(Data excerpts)

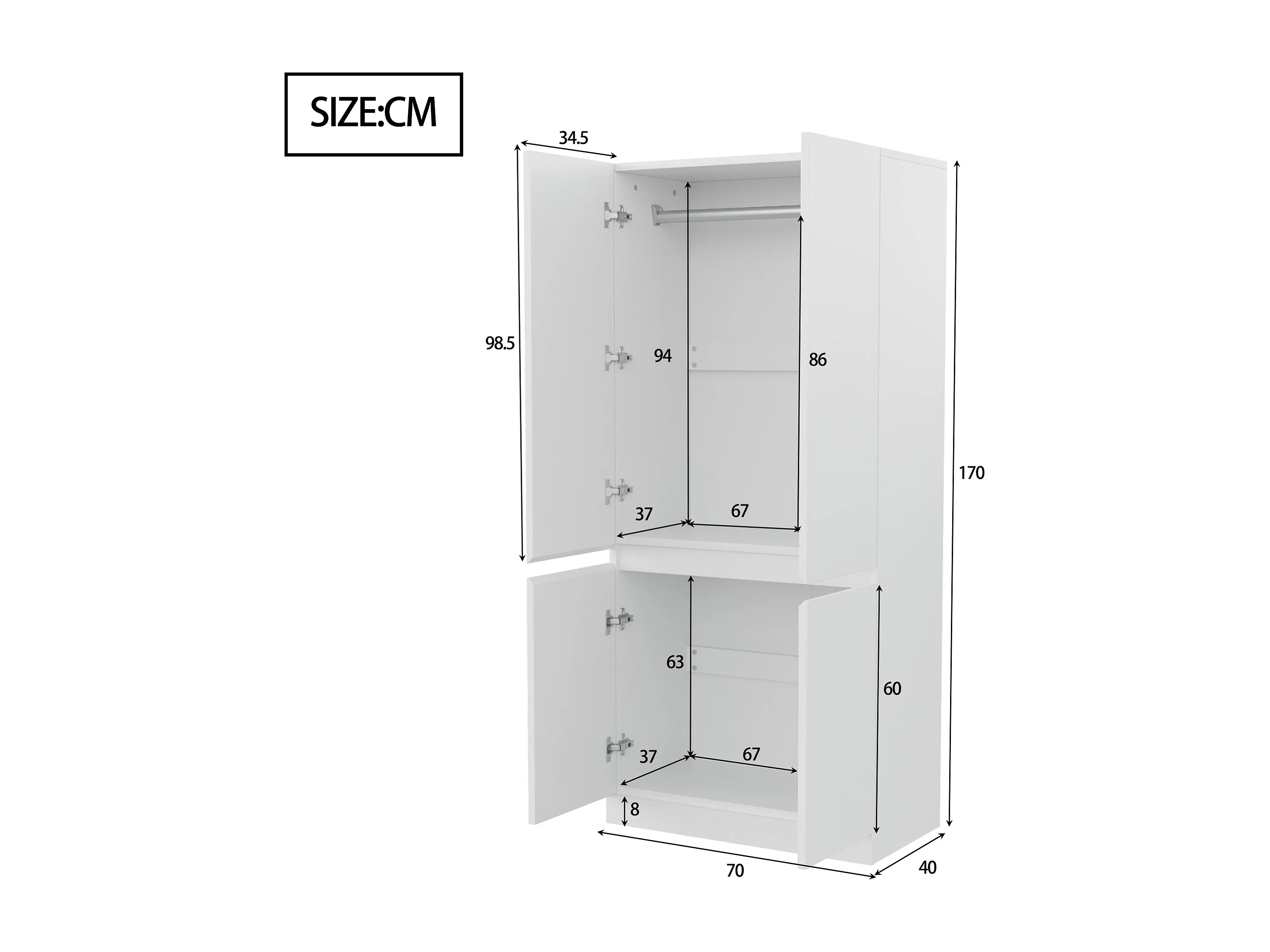 Armoire à 2 portes avec compartiment de rangement - 70 x 40 x 170 cm - bois - blanc
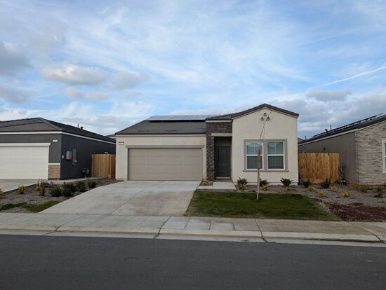 New construction home at Riverstone, modern amenities, modern living, solar, solar battery and an energy efficient home that includes Community pool and club house access. Welcome to this stunning 4 bedroom, 2 bathroom home in the desirable Riverstone Community of Madera, CA. This new construction house boasts modern amenities such as stainless appliances, energy efficient dual pane windows, solar + solar battery and a tankless water heater. The bright open floor plan is perfect for entertaining, and the fenced backyard provides a private outdoor space. Enjoy the convenience of a laundry room, central heating & air conditioning, and a 2 car garage with potential EV charger. Residents also have access to the community swimming pool and community amenities. Don't miss out on this energy efficient home with all the latest amenities.
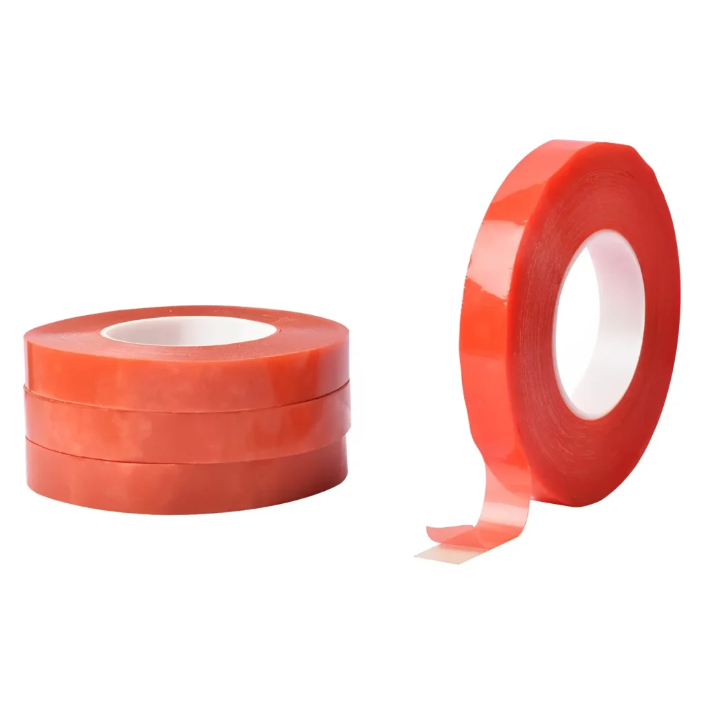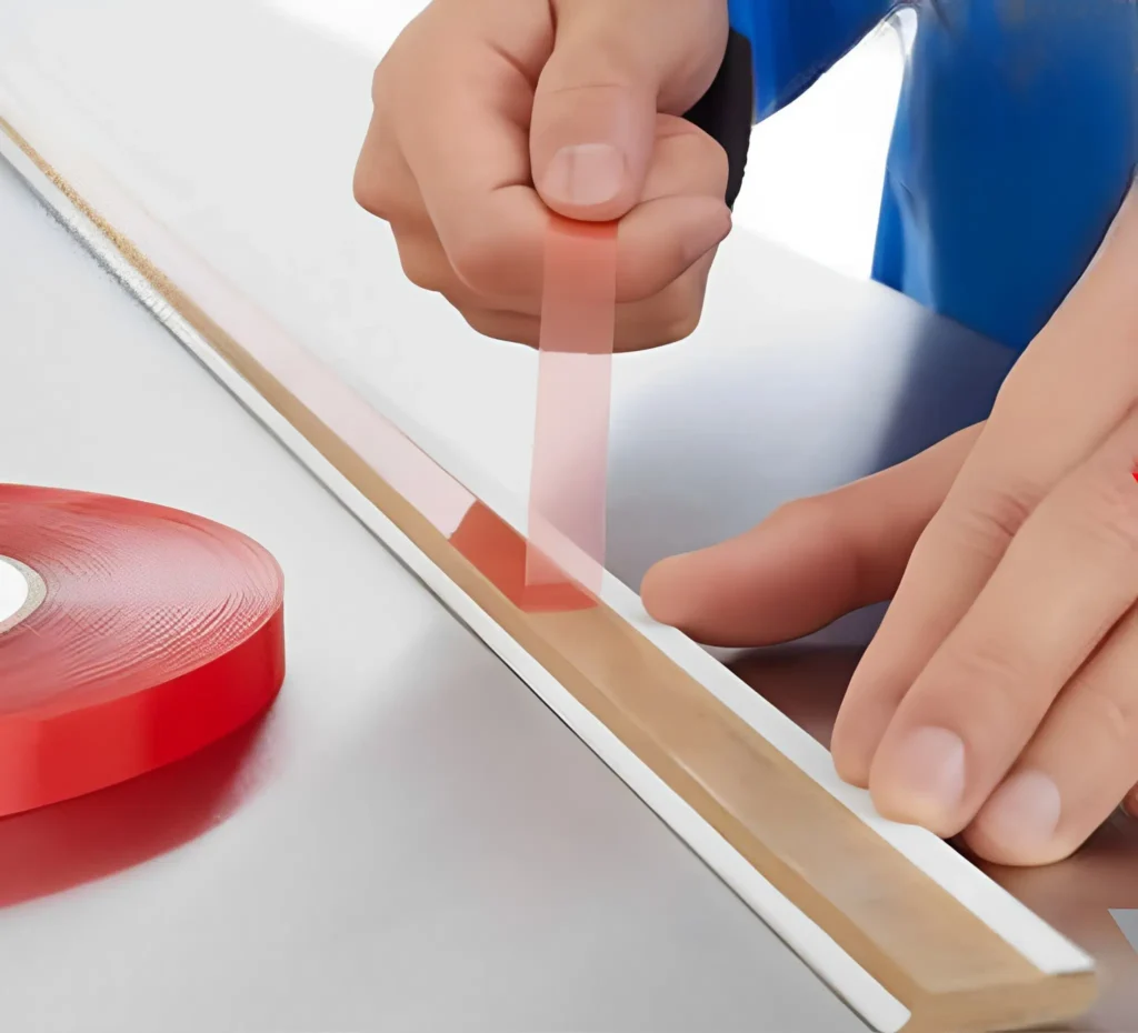 High-strength double-sided tape for bonding metal, glass, and plastic with clean and lasting adhesion.
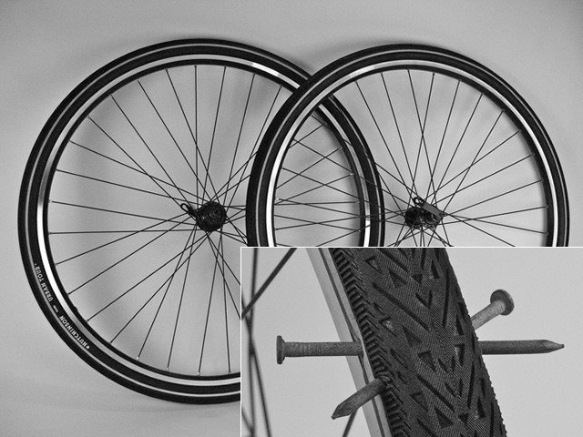 Da, am scris bine mai sus. Nu vei mai face pană. Steve Boehmke, un activ membru al comunității de bicicliști din Los Angeles, a dezvoltat împreună cu cei de la Hutchinson niște anvelope care nu se dezumflă indiferent în cât de multe puncte sunt găurite de diferite obiecte ascuțite, precum cuie sau cioburi. Pentru explicații mai pe-ndelete, te invităm să vizionezi filmul de mai jos. Ideea de bază este că aceste anvelope, a căror secret nu este dezvăluit, sau cel puțin nu în întregime, sunt greu de montat pe roți și chiar necesită un set special de jante. Acesta este motivul pentru care există @cme FlatFree Wheelset, perechea de roți pe care sunt instalate direct aceste anvelope.
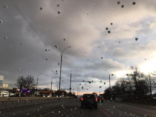 Șoferii aflați în trafic au filmat cum micile formațiuni de gheață lovesc în parbrizele mașinilor.
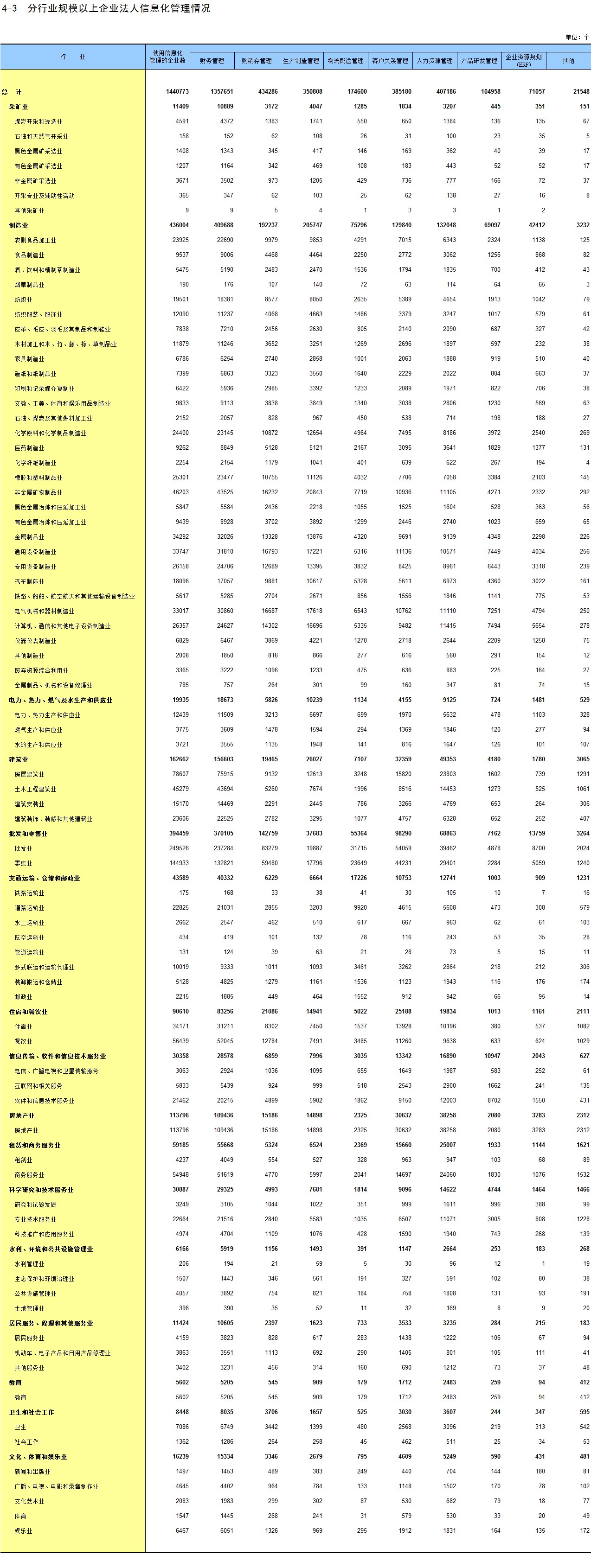 4-3 分行业规模以上企业法人信息化管理情况
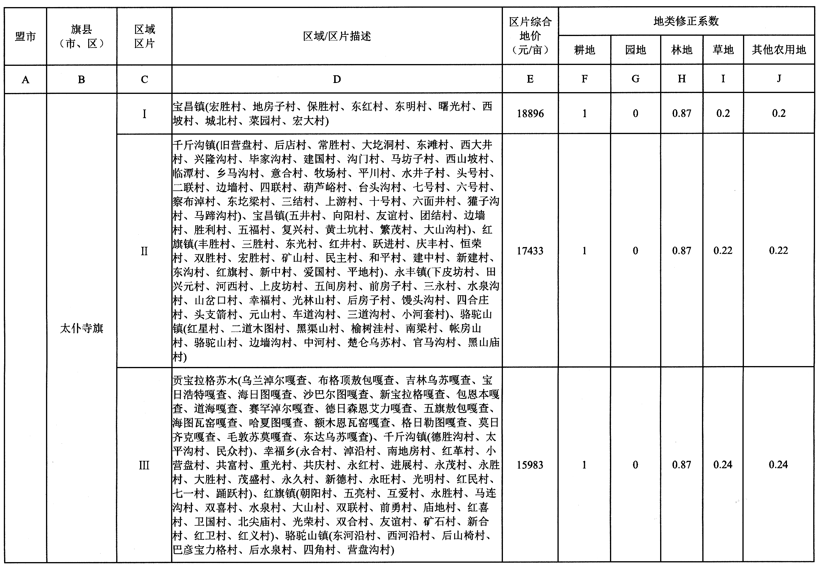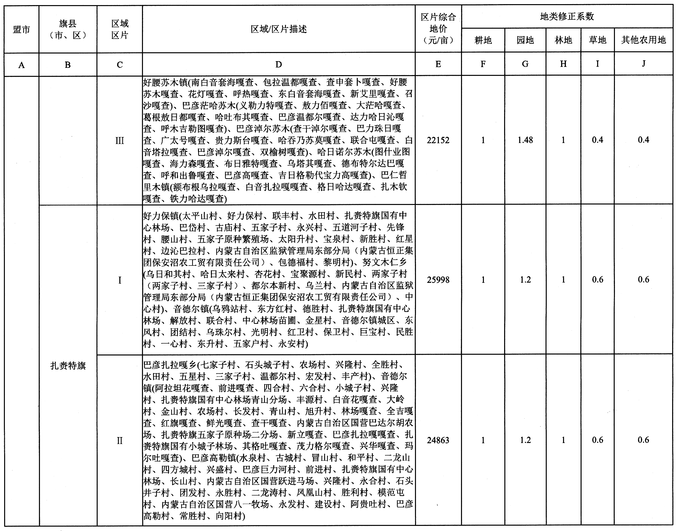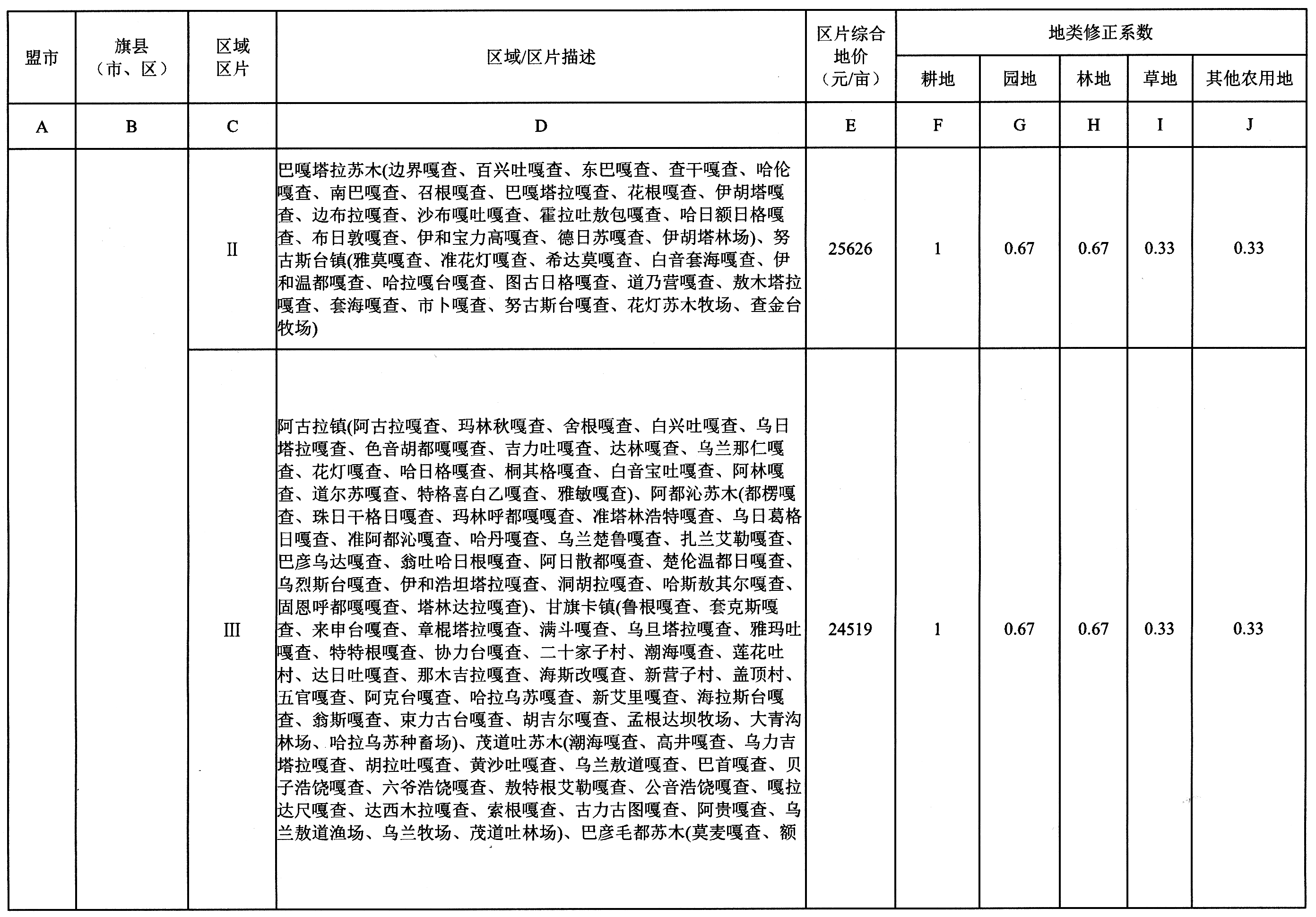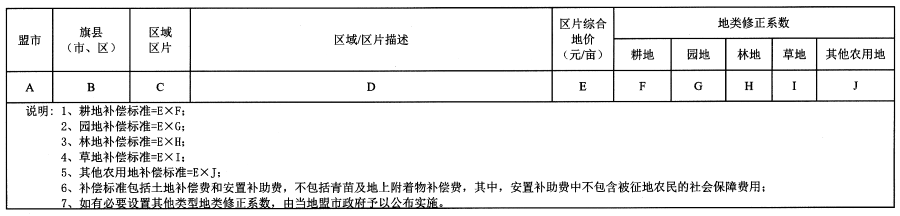征收農(nóng)用地按區(qū)片綜合地價進行補償,是國家對被征地農(nóng)牧民長遠利益保護的重大舉措,也是推進土地使用制度改革的重要舉措,對于進一步加強征地補償安置工作,讓被征地農(nóng)牧民分享土地增值“紅利”,切實保護被征地農(nóng)牧民合法權(quán)益,維護社會和諧穩(wěn)定,保障自治區(qū)經(jīng)濟高質(zhì)量發(fā)展,具有十分重要的意義。為深入貫徹實施新修正的《中華人民共和國土地管理法》(以下簡稱《土地管理法》),進一步做好我區(qū)征地補償安置工作,經(jīng)自治區(qū)人民政府同意,現(xiàn)將《內(nèi)蒙古自治區(qū)征地區(qū)片綜合地價》予以公布,并提出以下要求,請一并貫徹落實。
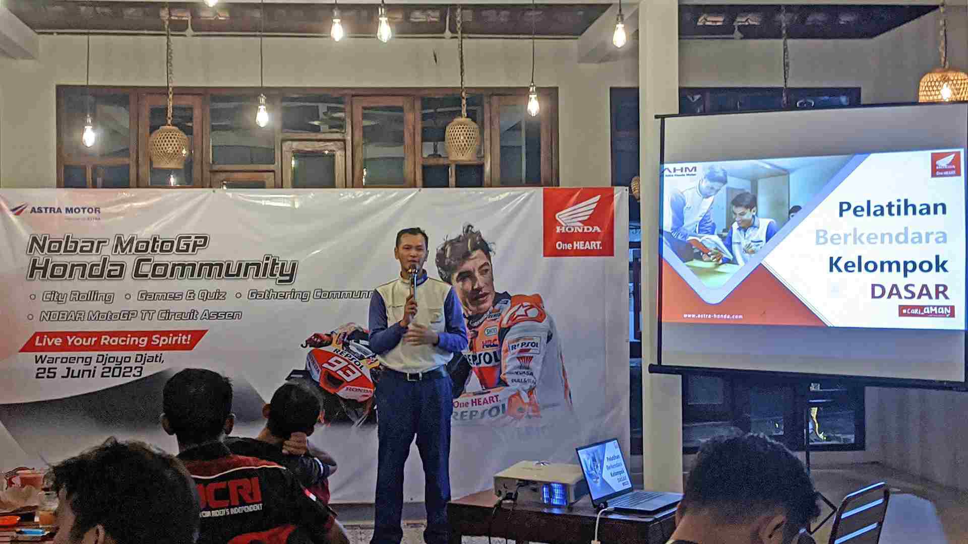 Sebagai pemanasan Kompetisi Safety Riding Regional Honda Community 2023 dibuka dengan penjelasan mengenai Honda Community ID dan pengenalan Astra Motor Safety Riding Center Yogyakarta. Setelah itu seluruh peserta langsung mengikuti sesi penilaian teori Safety Riding.

> WORK ITEM: Nothing but an exact copy is needed, covering the lines from the line with "High-strength double-sided tape" through the last line of the entries, pictures excluded.

> ANSWER FOR THIS EXERCISE:
 High-strength double-sided tape for bonding metal, glass, and plastic with clean and lasting adhesion.
 Da, am scris bine mai sus. Nu vei mai face pană. Steve Boehmke, un activ membru al comunității de bicicliști din Los Angeles, a dezvoltat împreună cu cei de la Hutchinson niște anvelope care nu se dezumflă indiferent în cât de multe puncte sunt găurite de diferite obiecte ascuțite, precum cuie sau cioburi. Pentru explicații mai pe-ndelete, te invităm să vizionezi filmul de mai jos. Ideea de bază este că aceste anvelope, a căror secret nu este dezvăluit, sau cel puțin nu în întregime, sunt greu de montat pe roți și chiar necesită un set special de jante. Acesta este motivul pentru care există @cme FlatFree Wheelset, perechea de roți pe care sunt instalate direct aceste anvelope.
 Șoferii aflați în trafic au filmat cum micile formațiuni de gheață lovesc în parbrizele mașinilor.
 4-3 分行业规模以上企业法人信息化管理情况
征收農(nóng)用地按區(qū)片綜合地價進行補償,是國家對被征地農(nóng)牧民長遠利益保護的重大舉措,也是推進土地使用制度改革的重要舉措,對于進一步加強征地補償安置工作,讓被征地農(nóng)牧民分享土地增值“紅利”,切實保護被征地農(nóng)牧民合法權(quán)益,維護社會和諧穩(wěn)定,保障自治區(qū)經(jīng)濟高質(zhì)量發(fā)展,具有十分重要的意義。為深入貫徹實施新修正的《中華人民共和國土地管理法》(以下簡稱《土地管理法》),進一步做好我區(qū)征地補償安置工作,經(jīng)自治區(qū)人民政府同意,現(xiàn)將《內(nèi)蒙古自治區(qū)征地區(qū)片綜合地價》予以公布,并提出以下要求,請一并貫徹落實。
 Sebagai pemanasan Kompetisi Safety Riding Regional Honda Community 2023 dibuka dengan penjelasan mengenai Honda Community ID dan pengenalan Astra Motor Safety Riding Center Yogyakarta. Setelah itu seluruh peserta langsung mengikuti sesi penilaian teori Safety Riding.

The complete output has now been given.